But the advantage that progestins do have in endometriosis is that. The reason why they cause such big side effects in some of us. Um, raise your hand in the comments. If you also experience mood symptoms with progestins. I know it's not just me, they bind very tightly to the progesterone receptor. So in doing that, when we have progesterone resistance, some clinicians will opt for progestins because they're gonna bind tighter.
But there's a problem that if you're having side effects, like you shouldn't have to like trade period pain for like wanting to unlive yourself once a month. Like that's not cool to be like, yeah, just trade, trade that. Or to be like, you know, you have endometriosis. What do you expect me to do? Like just.
Freaking deal with it. Like suck it up like like this, suck it up. Medicine. I'm not down with that. Like that's like, you know what, you bring the matches, I'll bring the kerosene. We burn this down together. So here's the deal. Progestins can be effective, but they can also cause side [00:04:00] effects. So it's very individualized and it's not necessarily that like one is always better than the other in terms of endometriosis treatment.
It's about what works for you. When it comes to, when we're talking about like brain health, absolutely. Progesterone wins, like hands down progesterone wins with that.
So we've got the progesterone, the progestin going on. Let's talk about the resistance. Now, some people say the endometriosis lesions are directly downregulating, the progesterone receptors.

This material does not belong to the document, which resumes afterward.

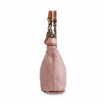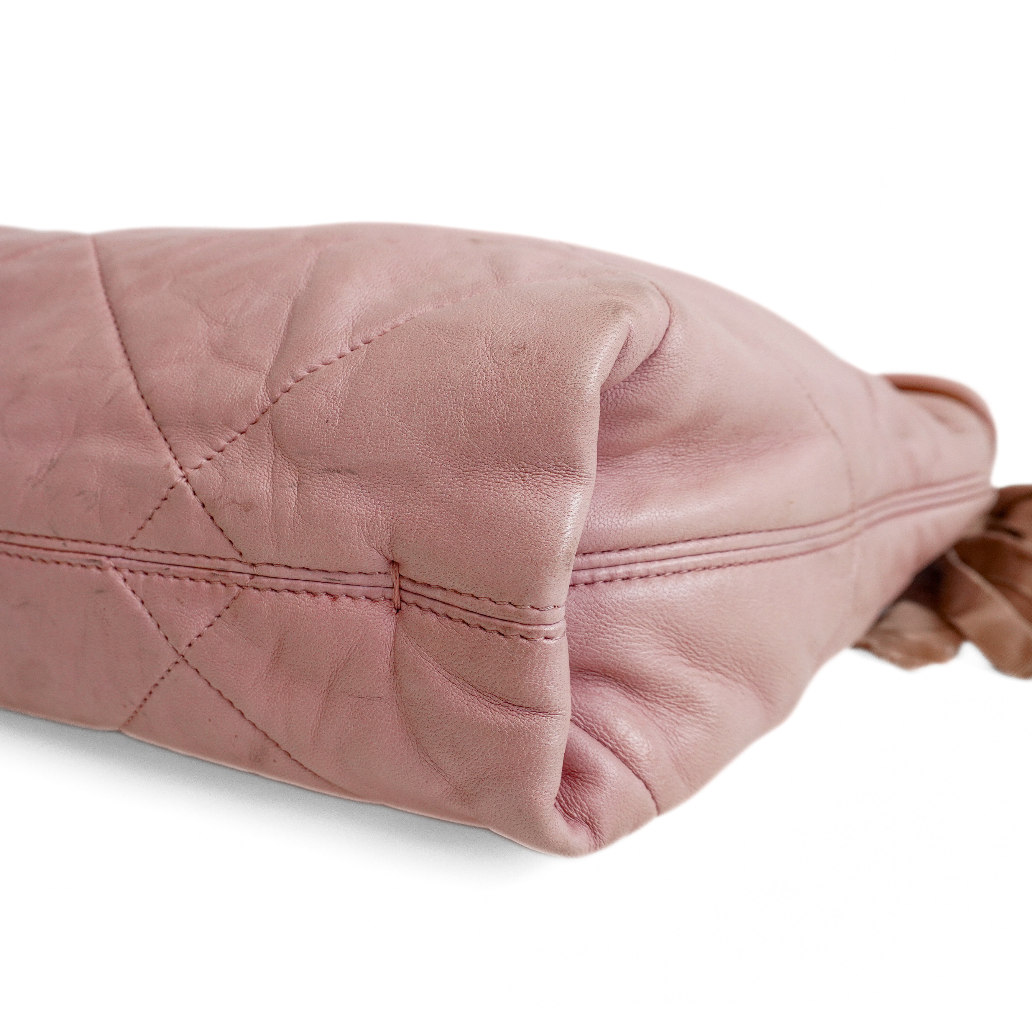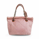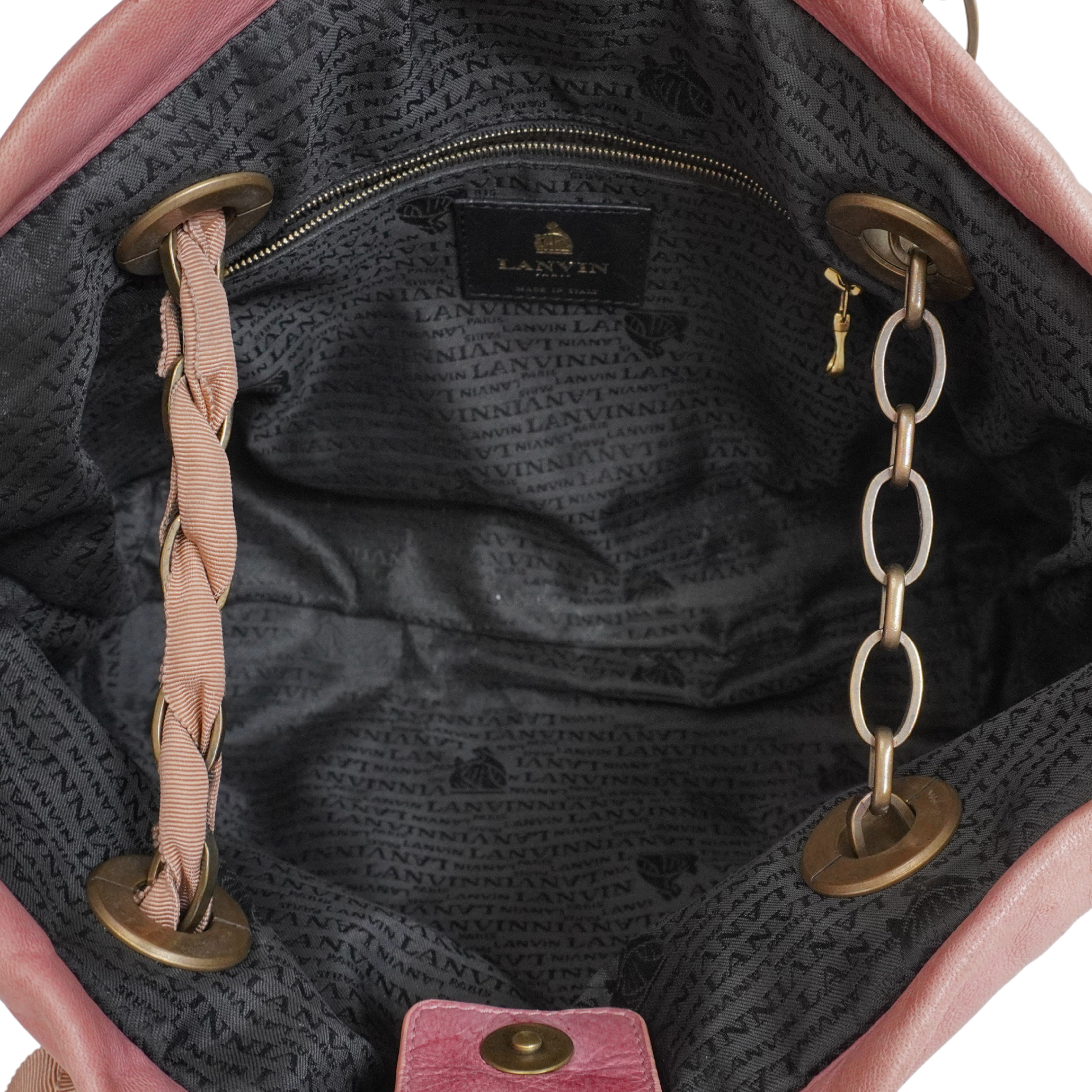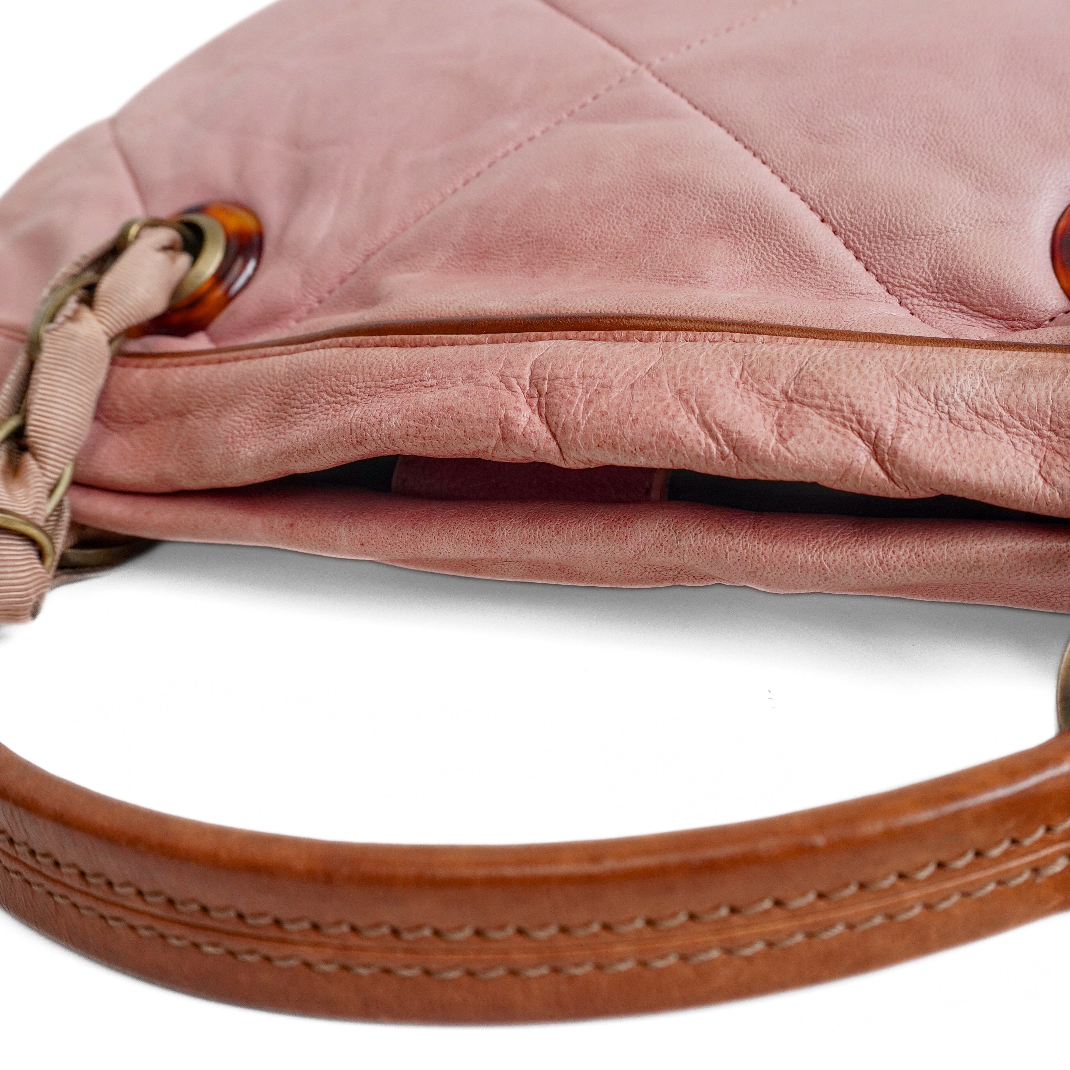 Lanvin 'Amalia' shoulder bag in pink diamond quilted leather with brown leather trim, tortoise detail and brushed gold chain link handles with brown leather strap rest and pink ribbon detail. Interior features a snap button closure, black monogram lining and a slip pocket.

Okay, so like here's my theory of things is that these lesions are highly inflammatory. This is one reason why GLP ones can be helpful, because they are anti-inflammatory, as are things like Boswellia, turmeric, Omega-3 fatty acids. So GLP ones, I just want you to know they're not the only way, and I'm not trying to push anyone on GLP ones.
I just think this research is fascinating. I wanna talk about it with you. Okay, so we've got all this inflammation, cytokines being produced by these endometriosis lesions. Those are your chemical messengers of the [00:05:00] immune system.
Then we've got histamine. We've got tons of mast cells hanging on in there, dumping histamine, and then there are also prostaglandins being produced, which we know from period flu period poop, and period pain. That's what prostaglandins are bringing down on us. Now because of all that inflammation, just like any other cell in the body, when we have inflammation, we can get resistance.
See also insulin resistance. That's one of like the best studied conditions where we can see that when there's inflammation. There is receptor resistance to that insulin. Now I think this the same thing going on with progesterone therapy because the lesions are just so dependent on estrogen. There is a whole connection here where they're prioritizing estrogen.
So the estrogen docs, because that is the way that they survive. So when I started thinking about all of this and I was doing all this research on like GLP ones and inflammation, all that, and I had the thought of like, could. GLP ones actually make [00:06:00] progesterone receptors work better. So let's get into it.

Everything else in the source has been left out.